WHAT IS BEING ASKED — In the data below, locate the line containing "活动通过签名、PU平台宣传、" and the line containing "变化是最扎实的答卷,事实是最", then retype both and everything between them exactly. Pictures are not part of the copy.

---------- DATA UNDER STUDY ----------

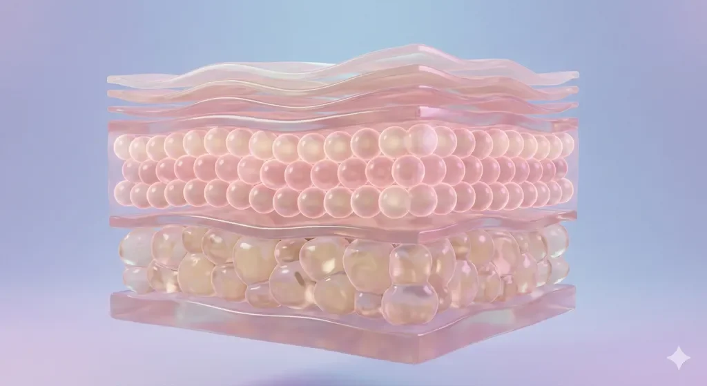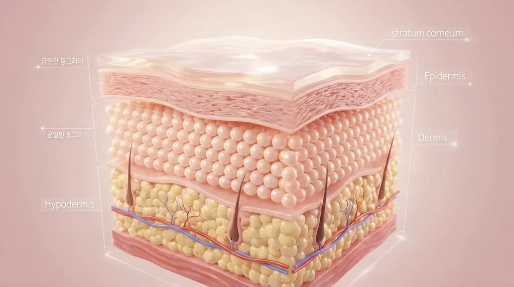 피부 구조를 다층으로 보여주면서도 클린·반투명·뷰티 톤을 유지한 모델링이 핵심입니다.
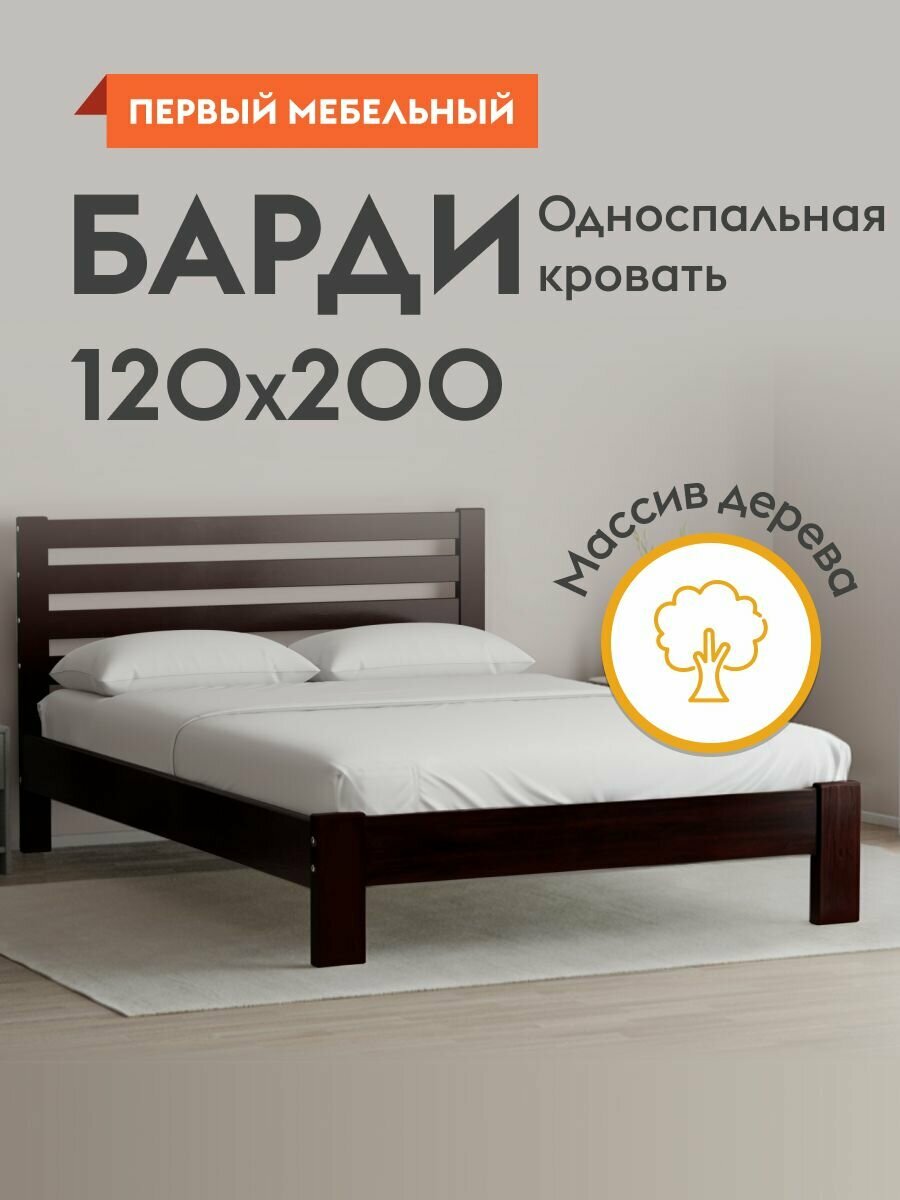 Кровать односпальная Барди 120х200 см деревянная, с анатомическим основанием, Массив сосны, Орех темный информация:
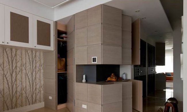 想擁有盡可能的的實(shí)用收納量,卻又不想要傳統(tǒng)笨重的柜子,設(shè)計(jì)師建議,可以利用繃布或異材質(zhì)來做柜子的表面,并且與兩側(cè)的色系相仿,不僅能巧妙地結(jié)合不突兀,整體也較有連續(xù)性,如此一來,就能創(chuàng)造柜體的隱藏效果,秘密擁有收納大空間!
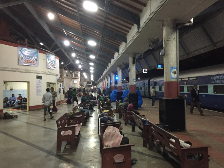 After getting there I planned on getting Uber to drive me to the Train Station. I’ve found that being a white person sets you up as a magnet for people charging more. They think you can afford the higher cost. I noticed that with the cab as he never started the meter and asked for a hundred rupees. It translates to just over a pound but that really isn’t the problem it’s not the amount it’s the principle. With uber I know how much it will cost from the estimate they send me and I know what my driver looks like. You don’t get that in a cab. The traffic around the roundabout was crazy. Horns honking all the time. It was a painfully slow process to maneuver around it and this traffic was further hampered by the roadworks in front of the buildings. The driver took a while to finally get to me. We were off and once past the crazy traffic it was a fairly speedy drive to the train station. I had more than an hour to spare. I sat outside in the shade with the rest of them watching as people moved along with all the wares they planned to take with them on their journey.
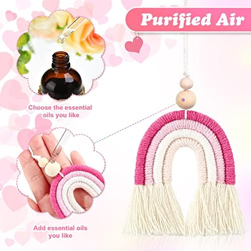 Frienda 3 Pieces Boho Rainbow Car Charm Essential Oil Diffusers for Car Cute Air Fresheners Handmade Hanging Accessories Decor(Classic Style)
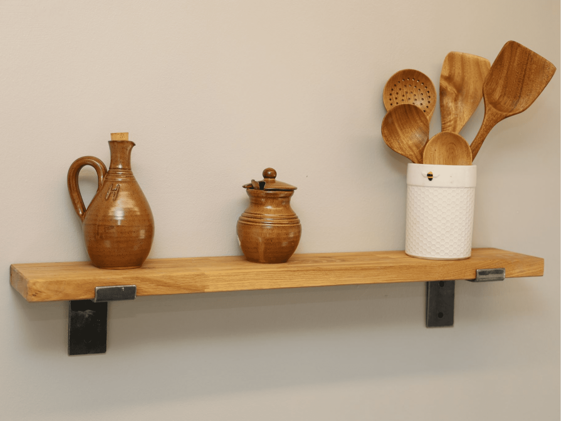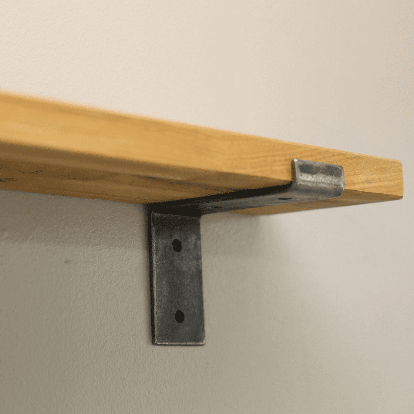 Corsair solid oak wooden shelf with industrial style metal support brackets
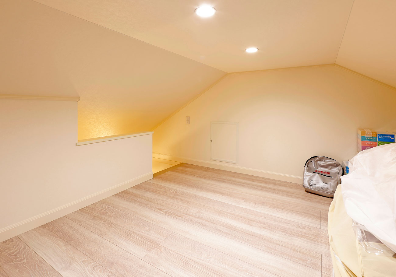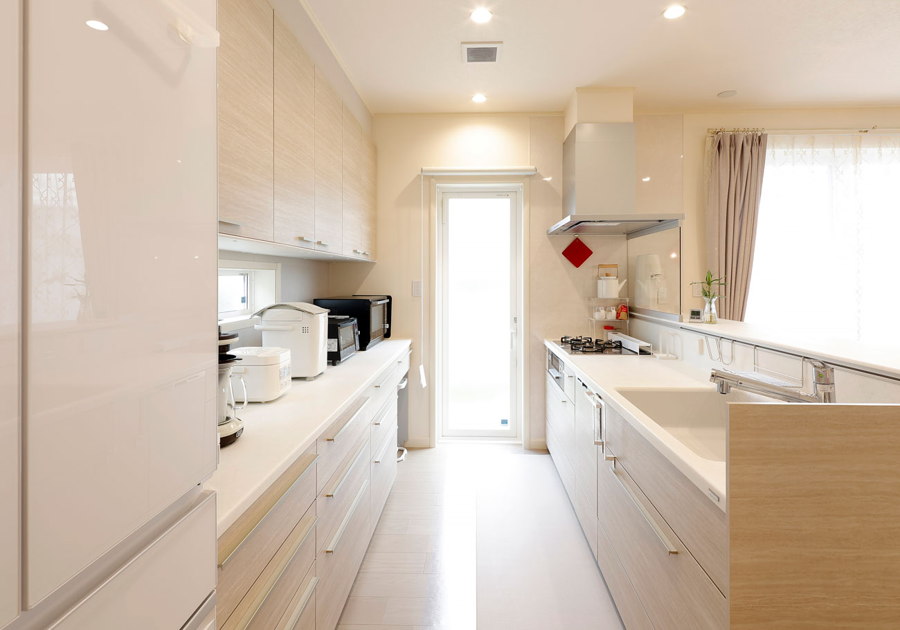家づくりで大事にしたのは、妻の「白くて可愛い家」と私の「天井の高さ」でした。三井ホームさんは標準で2.6メートルの天井があり、他社ではオプション費用がかかる部分がすでに含まれていたのが大きな決め手でした。さらに、収納にもこだわり、キッチンには引き出しの幅や吊り戸棚を私たち好みに調整してもらいました。階段下収納やカップボードの設計も工夫し、たっぷりの収納スペースを確保。まだ使っていない棚もあるほどです。将来家族が増えてから必要になると思ってロフトも追加で設置しました。理想のデザインに加えて、使い勝手も抜群の家が完成し、大満足です。
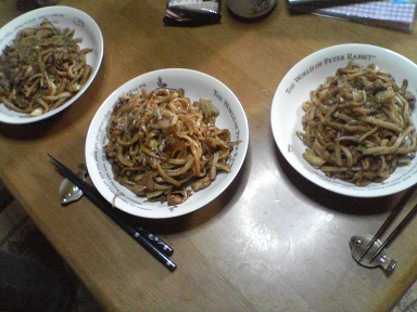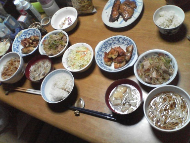 今日は鶏などを頂きます。フライパンにオリーブ油を入れ鶏肉を焼きます。完成。魚も焼きます。名称不明?完成。ビーフンも頂きます。なぜかそうめんも?味噌汁はエノキとあぶらげ・・キャベツサラダも頂きます。今日もおいしく頂きました。
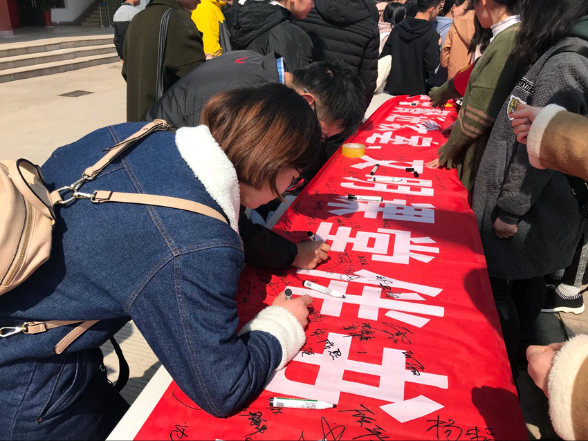 活动通过签名、PU平台宣传、微信推广等方式进行。活动现场,同学们积极参与横幅签名,耐心聆听志愿者讲解的相关活动内容,并表示积极响应学校的号召,从自身做起,养成良好的道德习惯,为创建干净舒适的学习环境贡献自己的一份力量。
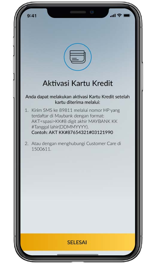 *Aktivasi via M2U ID App dapat dilakukan khusus untuk Maybank Kartu Kredit berlogo Mastercard® atau VISA. Untuk Maybank Kartu Kredit JCB, lakukan aktivasi melalui SMS ke 89811 atau menghubungi Maybank Customer Care. Selengkapnya www.maybank.co.id/aktivasikk
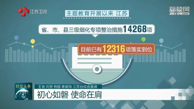 变化是最扎实的答卷,事实是最有力的证明。主题教育开展以来,江苏省、市、县三级细化专项整治措施14268项,目前已有12316项落实到位。
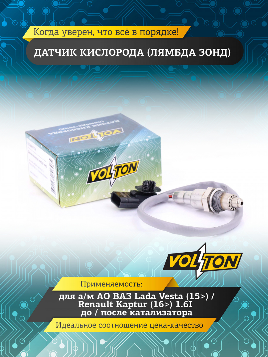 Датчик кислорода (лямбда зонд) VOLTON - проверяет количество несгоревшего кислорода в выхлопных газах автомобиля. Кислородный лямбда зонд подает электрический сигнал к ЭБУ, который оптимизирует состав топливно-воздушной смеси, подстраивая режим работы двигателя Все датчики кислорода VOLTON полностью соответствуют по посадочным размерам оригинальным изделиям. В Ассортименте представлены кислородные датчики двигателя для отечественных автомобилей, иномарок и коммерческого транспорта.
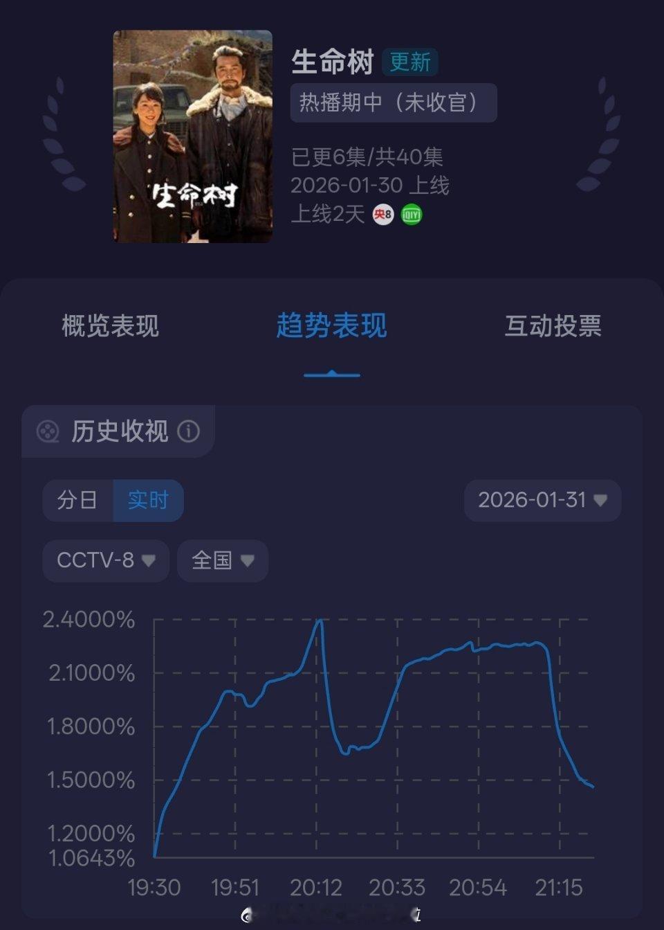 生命树收视逆跌才次日谈不上什么逆跌吧,《生命树》就是环保剧,任务剧呀,在题材受限情况下首日表现一般般很正常,但是次日收视和网播都稳住了,走势又好起来了,这剧还要多看几天
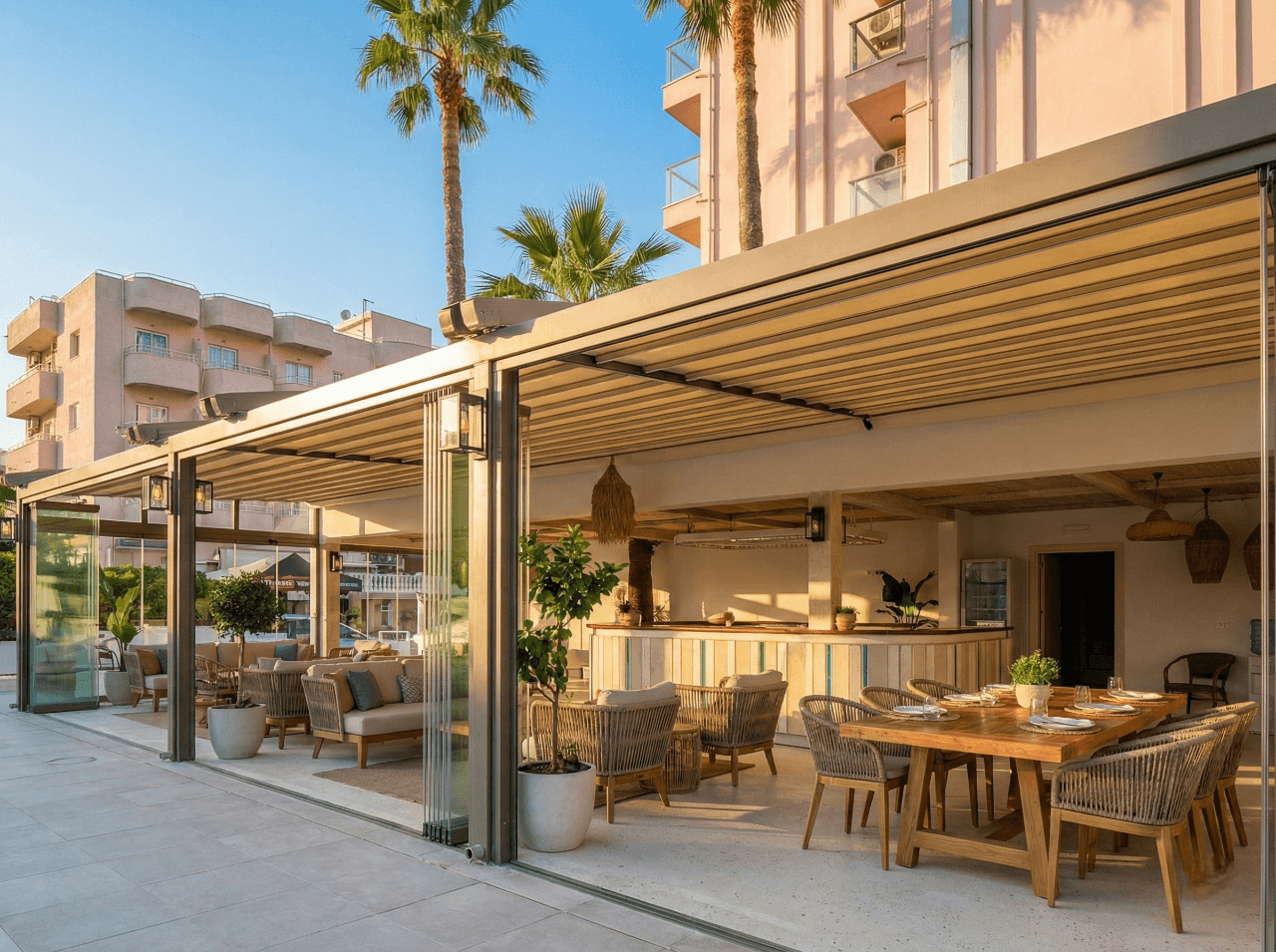 • Entegre LED Aydınlatma Şıklığı: Kavisli profillere gömülen özel LED ışıklar, akşam saatlerinde otel bahçesinde büyüleyici ve prestijli bir ambiyans yaratarak davetkar ruhunu pekiştirir.

----------

RESPONSE AREA —
 活动通过签名、PU平台宣传、微信推广等方式进行。活动现场,同学们积极参与横幅签名,耐心聆听志愿者讲解的相关活动内容,并表示积极响应学校的号召,从自身做起,养成良好的道德习惯,为创建干净舒适的学习环境贡献自己的一份力量。
 *Aktivasi via M2U ID App dapat dilakukan khusus untuk Maybank Kartu Kredit berlogo Mastercard® atau VISA. Untuk Maybank Kartu Kredit JCB, lakukan aktivasi melalui SMS ke 89811 atau menghubungi Maybank Customer Care. Selengkapnya www.maybank.co.id/aktivasikk
 变化是最扎实的答卷,事实是最有力的证明。主题教育开展以来,江苏省、市、县三级细化专项整治措施14268项,目前已有12316项落实到位。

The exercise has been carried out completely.